A convalida di quest’ultima affermazione, Haney (1931), eseguì una verifica in cui prese in esame due gruppi di ratti, ad uno di questi gruppi, fu permesso di vivere in un labirinto complesso per diciotto ore al giorno per quattro giorni consecutivi; questi soggetti, venivano alimentati ed abbeverati in gabbie separate dal labirinto nelle quali sostavano per le rimanenti sei ore della giornata. Il secondo gruppo di controllo fu detenuto in condizioni analoghe ma all’interno di un labirinto di forma rettangolare. Di seguito, ogni individuo, a prescindere cha appartenesse al primo o al secondo gruppo, venne addestrato a precorrere il labirinto complesso ed Haney, poté appurare che i ratti che avevano già condotto un’esperienza all’interno dello stesso, erano in grado di apprendere con più rapidità e con un numero di errori inferiore rispetto ai ratti facenti parte del gruppo di controllo.

Ma anche questo test sollevò dei dubbi, ed altri Autori, precisamente Muenzinger e Conrad (1954), utilizzarono un altro test a conferma di tali obiezioni: alcuni ratti vennero introdotti in un labirinto speculare a quello utilizzato per l’esecuzione del test e questo permise agli Autori di costatare che, tali ratti, erano in grado di apprendere in maniera efficace e facilitata come percorrere il labirinto. D’altro canto Blodgett (1929), attraverso un altro studio, poté dimostrare che, percorrere il labirinto a ritroso, cioè partendo dalla meta e spostandosi verso la partenza, non è in grado di modificare l’apprendimento successivo.
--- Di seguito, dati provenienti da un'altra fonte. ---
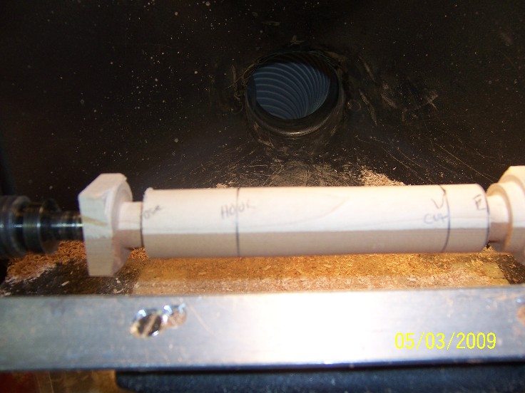 once the blank is on the lathe, make two marks on one of the flats, 6" appart to mark the front half of the plug ( beggining and end) this will be repeated with the secnd piece for the rear half, be sure to leave the square ends, you will need them.. once the blank is marked, even though you only marked one flat, you will be able to see the ghost image and using your roughing gouge, turn the blank to a round cylinder that will be 7/8" in diameter when it's sanded, so leave a little extra... a word of caution.... use SHARP tools, becase of the difference in wood densities, dull tools are a bad omen... for safety, please wear a full face shield... eye goggles dont help when a blank or errant hunk of wood whacks you in the cheek...
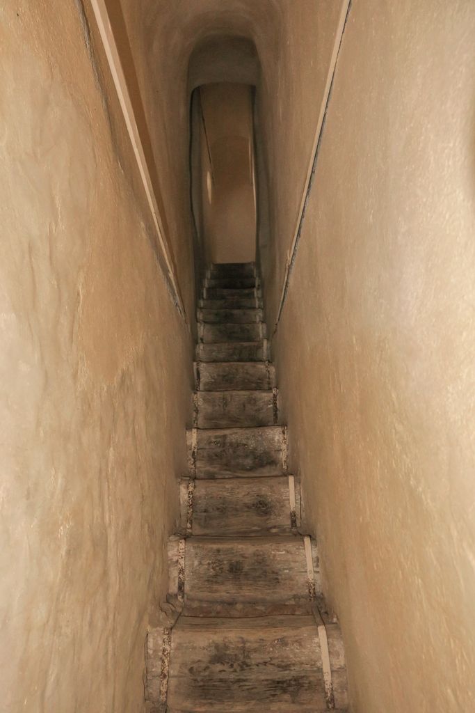 Am intrat pe poartă și ne-am îndreptat către edificiu. Ne-am oprit la ușa de la intrare, apoi ne-am amintit de ce ne-a spus femeia, cum că-i voie. Am învârtit cheia în ușă și am intrat. Iar primul lucru care ne-a atras atenția, cu totul, a fost culoarul îngust care se deschidea în stânga ușii și scările de lemn care păreau că urcă către o lume ascunsă, misterioasă. Și am pășit, în liniște, pe
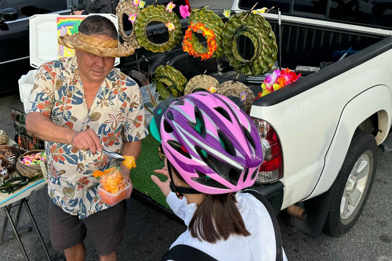 Tapaamme aikaisin, jotta vältämme väkijoukkoja ja kuumuutta kraatterikokeella. Kun pyöräsi on sovitettu ja sinulle on annettu turvallisuusohjeita, lähdemme Kapiolani Parkiin tutustumaan sen historiaan, ja sitten suuntaamme alas WW1 Natatorium Memorial -muistomerkille katsomaan, missä kuuluisa Duke Kahanamoku ja muut harjoittelivat olympialaisia varten. Pääset vierailemaan Diamond Headin juurella olevalla syrjäisellä vihreällä hiekkarannalla; näet Disneyn talon ja rullaat muiden rikkauden ihmeiden kotien ohi.
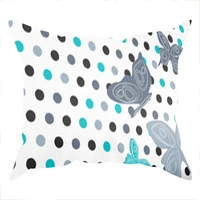 Poszewka bawełniana na poduszkę 40x70 | 490trk | biało turkusowa | grochy motyle

Quello che è possibile concludere è che, quando un ratto percorre un labirinto, non associa solamente la risposta fornita agli stimoli presenti al punto di scelta. Pare che i ratti, siano in grado di associare ad una delle scatole meta, l’aver risposto in un certo modo ad una serie di stimoli presenti nel punto di scelta ed all’altra scatola meta, l’aver risposto ad una serie di stimoli differenti.

In ogni caso gli studi a proposito dell’apprendimento latente, risultano ancora oggi oggetto di dibattito e non sono ancora stati forniti chiarimenti specifici per permettere di spiegare in maniera esauriente tale fenomeno (Poli e Prato Previde, 1994).